Make this Notebook Trusted to load map: File -> Trust Notebook

Each group of colored nodes in the map above represents a distinct job center in the San Diego region. Compared to the polygon-based analysis above, we have revealed many more employment centers (21 in total), many of which have a relatively small spatial footprint. This difference helps show the additional power we gain when moving to the finer resolution because our densities are not based on polygons that vary in size.

Code

# us the alpha shape 
shapes = [
    alpha_shape_auto(
        center_nodes[center_nodes.center == i]
        .geometry.get_coordinates()[["x", "y"]]
        .values
    )
    for i in center_nodes.center.unique()
]

node_subcenters = gpd.GeoDataFrame(geometry=shapes, crs=center_nodes.crs)
node_subcenters.reset_index()
# if some centers can become degenerate polygons if they have only a single node
# or if they have two nodes and become a line, so we remove any 'center' with no area
node_subcenters = node_subcenters[~node_subcenters.geometry.is_empty]
node_subcenters.reset_index().explore(
    "index", categorical=True, tiles="CartoDB Positron"
)

Make this Notebook Trusted to load map: File -> Trust Notebook

As a quick indicator of the method’s performance we can compute the share of the region’s employment in each center.
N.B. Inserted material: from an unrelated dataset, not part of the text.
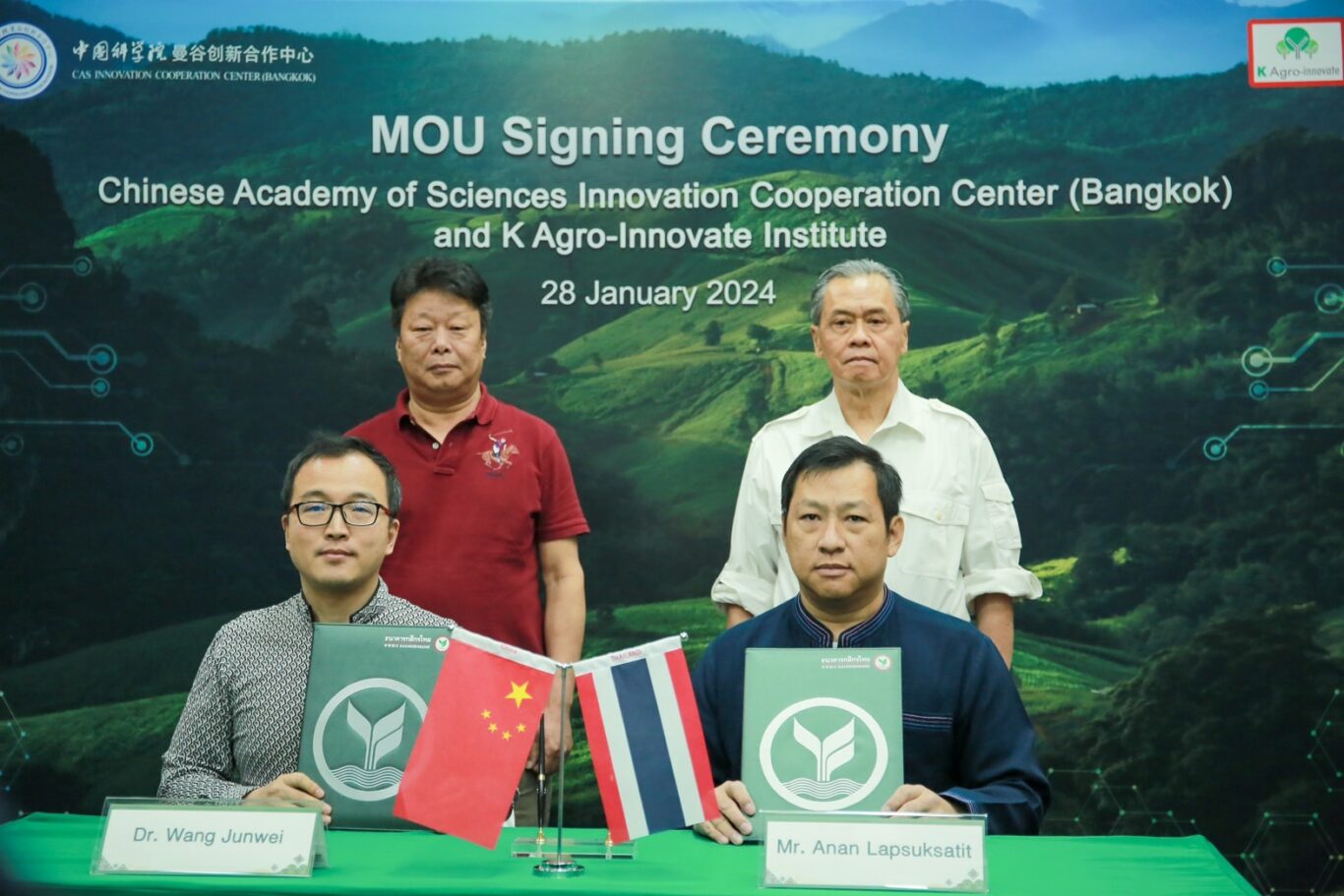 นายอนันต์ ลาภสุขสถิต ประธานสถาบัน เค อะโกรอินโนเวท (K Agro Innovate) ภายใต้มูลนิธิกสิกรไทย และ ศ.ดร. หวาง จุ้นเหวย Executive Director of Chinese Academy of Sciences Innovation Cooperation Center Bangkok (CASICCB) ร่วมพิธีลงนามบันทึกข้อตกลงความร่วมมือเพื่อนำเอาเทคโนโลยีจากประเทศจีนมาร่วมช่วยฟื้นฟูป่าต้นน้ำในโครงการ “น่านแซนด์บอกซ์”

To make things simple four ourselves, we will encode all employment outside employment centers as -999, which allows us to use a quick groupby operation, and creates an additional category for comparison.

Code

# attach center IDs to the original LODES data
sd_lodes = sd_lodes.merge(
    center_nodes[["center"]], left_on="node_ids", right_index=True, how="left"
)
# fill non-center nodes with dummy ID
sd_lodes["center"] = sd_lodes["center"].fillna(-999)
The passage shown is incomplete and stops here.